Visualizing and Predicting Analysis of Cricket Match - Part 2
This blog is continuation of the previous blog Visualizing and Predicting Analysis of Cricket Match - Part 1
IPL Score Prediction using Deep Learning
Since its inception in 2008, the IPL has drawn spectators from all over the world. A high level of uncertainty and last-minute tension led fans to watch the match. In a short period, the IPL has become the highest-grossing cricket league. In cricket matches, we often see score lines that indicate the probability of a team winning based on the current match situation. This prediction is usually made with the help of data analysis. Before advances in machine learning, predictions were usually based on intuition or some basic algorithms. The image above clearly shows how bad it is to use run rate as the only factor to predict the final score in a cricket match with a limited number of overs.
As a cricket fan, it is fascinating to visualize cricket statistics. I've researched various blogs to find patterns that can be used to predict IPL match scores in advance.
Why Deep Learning?
We humans find it difficult to recognize patterns in vast amounts of data. This is where machine learning and deep learning come into play. It learns how players and teams have previously played against opposing teams and train the model accordingly. We used attribute-aware deep learning, which can perform much better than previous models and provide accurate results, as we can achieve moderate accuracy using machine learning algorithms alone.
Tools used:
- Jupyter Notebook / Google colab
- Visual Studio
Technology used:
- Deep Learning
- Machine Learning
- Flask (Front-end integration).
- For the smooth running of the project, we have used some libraries like Pandas, NumPy, TensorFlow, Scikit-learn, and Matplotlib.

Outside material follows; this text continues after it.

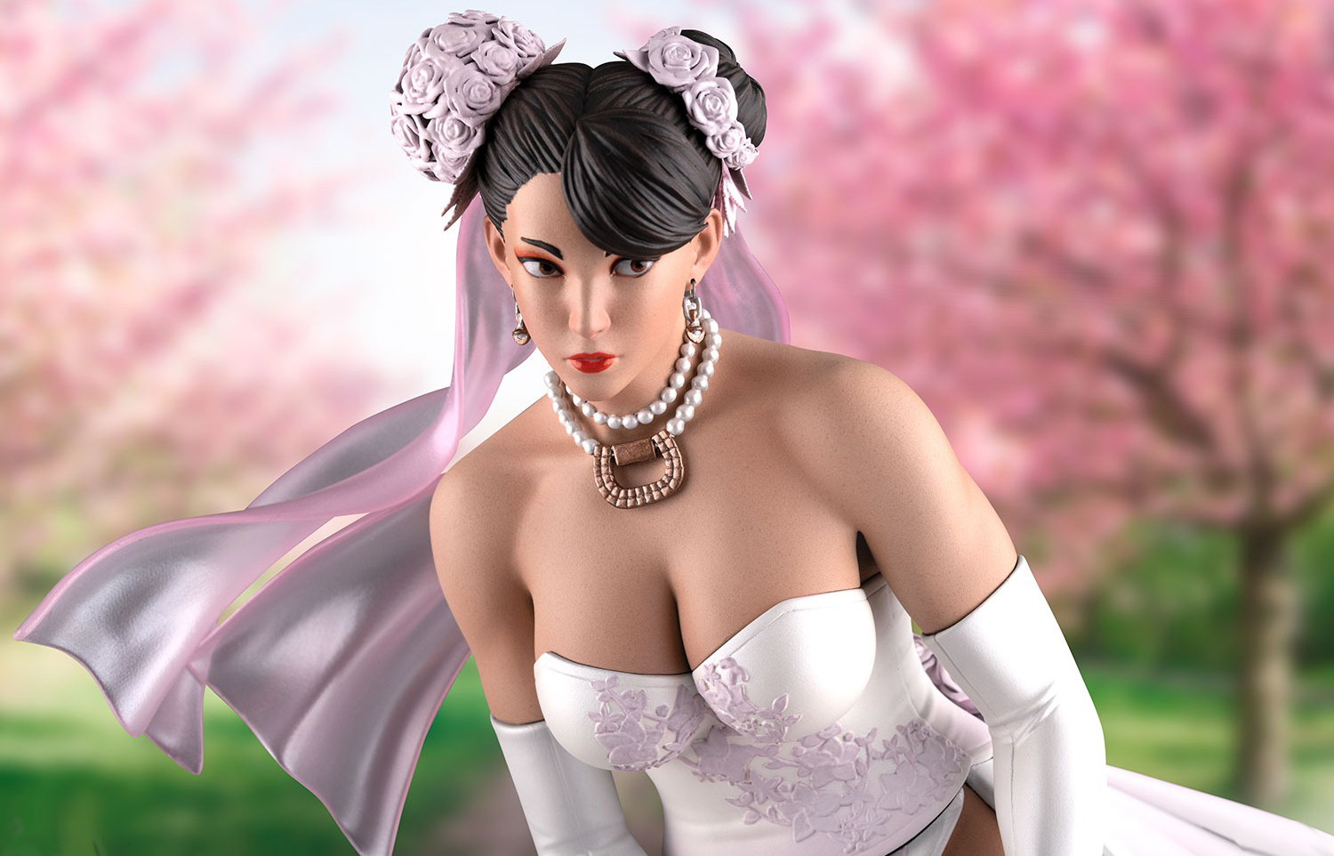 Here comes the bride — ready for battle! The Wedding Dress Chun-Li Statue measures 15.5” tall and 9” wide as the iconic Street Fighter heroine stands on a wood-like floor dotted with pink flower petals. The gorgeous white wedding gown emphasizes her gracefulness and athletic physique as Chun-Li slips the garter from her leg ahead of a fight.

The architecture of the model
Step-by-step implementation:
First, let's import all the necessary libraries:
Python3
import pandas as pd
import numpy as np
import matplotlib.pyplot as plt
import seaborn as sns
from sklearn import preprocessing
Step 1: Understanding the dataset!
We got the data from https://cricsheet.org/downloads/ipl.zip as Cricsheet is considered a good platform for data collection when working with cricket data. Includes data from 2007 to 2021. IPL player statistics were used to analyze performance from here to improve the accuracy of the model. This dataset contains details for each IPL player from 2016 to 2019. I made some changes to the dataset. B. Added a new column named 'y' containing the runs scored in his first 6 overs of that particular innings.

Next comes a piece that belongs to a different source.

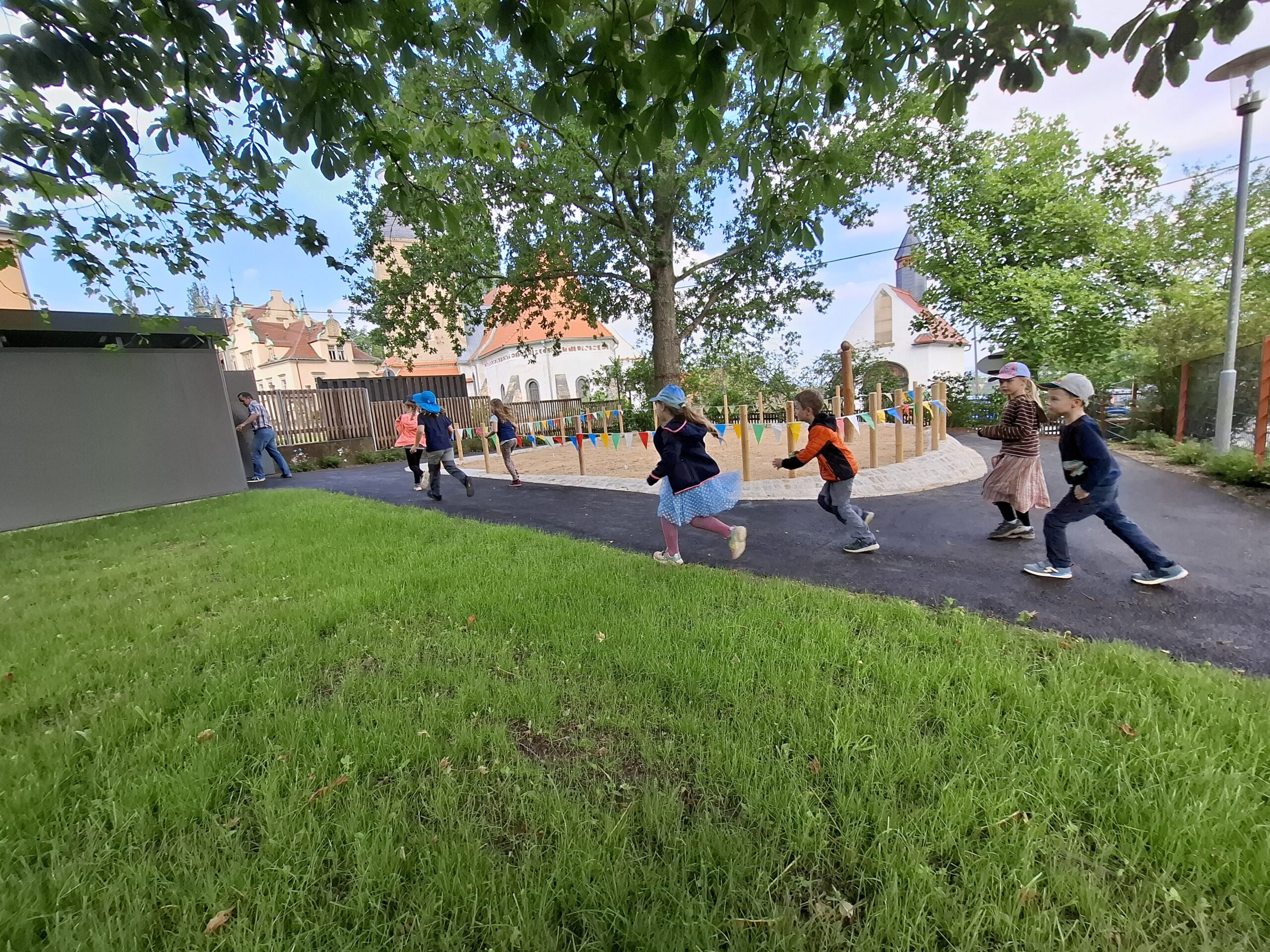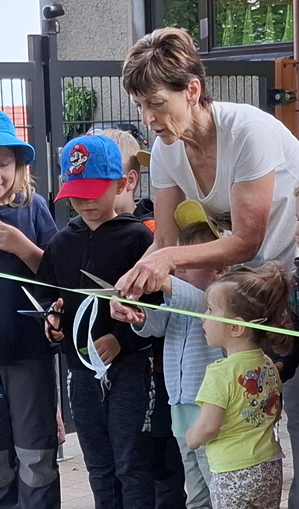 Umso größer war dann die Freude, als wir am 05.06. unser neues Außengelände in Betrieb nehmen durften. Zur feierlichen Eröffnung kam Herr Köhler von der Stadtverwaltung Pirna, Jana Salomon (Regionalleitung Sachsen Käpt´n Browser), die Landschaftsarchitektin Frau Viehrig, sowie einige Eltern der Kinder unserer Einrichtung. Einige kamen dabei nicht mit leeren Händen und haben anlässlich der Neueröffnung des Gartens Geschenke mitgebracht. Diese wurden von den Kindern ausgepackt und im Anschluss war es dann endlich soweit. Das Band wurde durchgeschnitten und alle Kinder rannten in das neue Außengelände. Die neue Fahrstrecke wurde gleich genutzt.

Step 2: Data cleaning and formatting
We imported both datasets into a dataframe using pandas using the .read_csv() method and the first 5 lines of each record are displayed. We made some changes to the dataset like added a new column named "y" containing the runs scored in his first six overs of that particular innings.
Python3
ipl2 = pd.read_csv('ipl2_dataset.csv')
ipl2.head()
Python3
data = pd.read_csv('IPL Player Stats - 2016 till 2019.csv')
data.head()
Now, we will merge both datasets.
Python3
ipl2= ipl2.drop(['Unnamed: 0','extras','match_id', 'runs_off_bat'],axis = 1)
new_ipl2 = pd.merge(ipl2,data,left_on='striker',right_on='Player',how='left')
new_ipl2.drop(['wicket_type', 'player_dismissed'],axis=1,inplace=True)
new_ipl2.columns
After merging the columns and removing new unwanted columns, we have the following columns left. Here's the modified dataset.
There are various ways to fill null values in our dataset. Here I am simply replacing the categorical values, which are nan with '.'
Python3
str_cols = new_ipl2.columns[new_ipl.dtypes==object]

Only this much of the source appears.